Just last week the West Memphis Three were released, finally bringing an end to a well-known miscarriage of justice, nearly two decades too late.
In 1994 18 year old Damien Echols, 17 year old Jessie Misskelley and 16 year old Jason Baldwin were convicted of the murder of three eight year old boys who had been found murdered in the Robin Hood Hills area in West Memphis, Arkansas some months earlier. The case got a lot of publicity because of an HBO documentary about it, Paradise Lost, and a number of celebrities taking up the case of the dubiously convicted boys. The attention only served to highlight the shoddy investigative practices of the police and the practically nonexistent evidence connecting them with the murder.

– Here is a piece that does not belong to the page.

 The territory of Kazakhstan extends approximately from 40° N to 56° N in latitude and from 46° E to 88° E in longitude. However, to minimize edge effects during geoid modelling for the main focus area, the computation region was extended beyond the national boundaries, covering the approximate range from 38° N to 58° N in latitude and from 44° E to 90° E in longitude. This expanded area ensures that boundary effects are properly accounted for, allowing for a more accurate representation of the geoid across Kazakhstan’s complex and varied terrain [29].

The prosecution's case mostly relied on the testimony of one of the boys, Jessie Miskelley, who claimed that he had witnessed the murders, though he hadn't participated. But his confession had a number of problems. For one, he claimed the whole killing occurred at the creek bed where the bodies were eventually discovered, despite that physical evidence at the scene, indicated that the boys were probably killed, or at least assaulted, elsewhere and then taken to the scene where they were dumped (there was almost a complete lack of blood at the scene). Secondly, Miskelley also said the boys were tied with brown rope, despite that they were tied with their own shoelaces. Thirdly, Miskelley initially claimed that the boys were killed on the morning of May 5, 1993, when the killing occured, despite that the three victims were still alive at the time, and had to have been killed some time in the evening. Miskelley changed his confession several times before he finally latched on to a time late enough for it to be possible.
The only other evidence the prosecution had was a knife, which they found deposited in a lake near Baldwin's residence, and some fibers found on the suspects' clothes that were at least similar to fibers from the clothes of the victims. However, the knife couldn't be connected with the killing, nor could it be shown to have belonged to any of the boys. And the fibers were similar to a great many common products, and thus could have easily come from any number of sources.

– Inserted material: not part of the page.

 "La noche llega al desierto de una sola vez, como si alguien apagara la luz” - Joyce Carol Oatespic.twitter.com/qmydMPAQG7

The police struggled to find anyone who would claim that the three boys actually were well acquainted, finally turning up one witnesss, despite that Miskelley really only knew the other two boys through school and wasn't friends with them. Additionally, they found a witness that could put at least one of the boys near the scene of the crime near after the time of the murder. And, to the benefit of the prosecution, some children even stepped forward claiming that the boys had confessed to the killings afterwards. All of these testimonies were riddled with problems and strained credibility, but they were persuasive to a jury eager to convict the boys.

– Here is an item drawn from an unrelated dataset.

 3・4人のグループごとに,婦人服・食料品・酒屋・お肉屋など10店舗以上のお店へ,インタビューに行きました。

But most of the case relied on the fact that Echols was a devotee of neo-paganism, being interested in the Wicca, and the other boys were at least tangentially connected with such practices. The police had initially believed that the case appeared strongly to indicate satanic ritual killing. The charge that this was part of a Satanic ritual caught on in the religiously conservative West Memphis, especially since this was a time when the moral panic over Satanic Ritual Abuse was still hot concern in some corners of the country. The whole panic over Satanic Ritual Abuse eventually died down as investigators started to realize that probably all reported cases of it were due to urban legend and hearsay or "memories" falsely recovered under hypnosis. In other words, despite that the prosecution even brought in a witness at the trial who claimed to be an expert on Satanic Ritual Abuse, the whole thing was hogwash and the expert was worse than ignorant.
Nonetheless, despite an absence of evidence, the boys were convicted, probably mostly due to their perceived association with satanism (they weren't satanists, but the prosecution went to great lengths to demonstrate this, with evidence such as their tendency to wear black and listen to heavy metal) and neo-paganism.
The case seems similar to other cases of high-profile killings where pressure from the public has led police to follow highly dubious evidence in order to get a conviction, no matter the strength of the evidence, such as in the cases of William Heirens, The Boston Strangler and the Monster of Florence.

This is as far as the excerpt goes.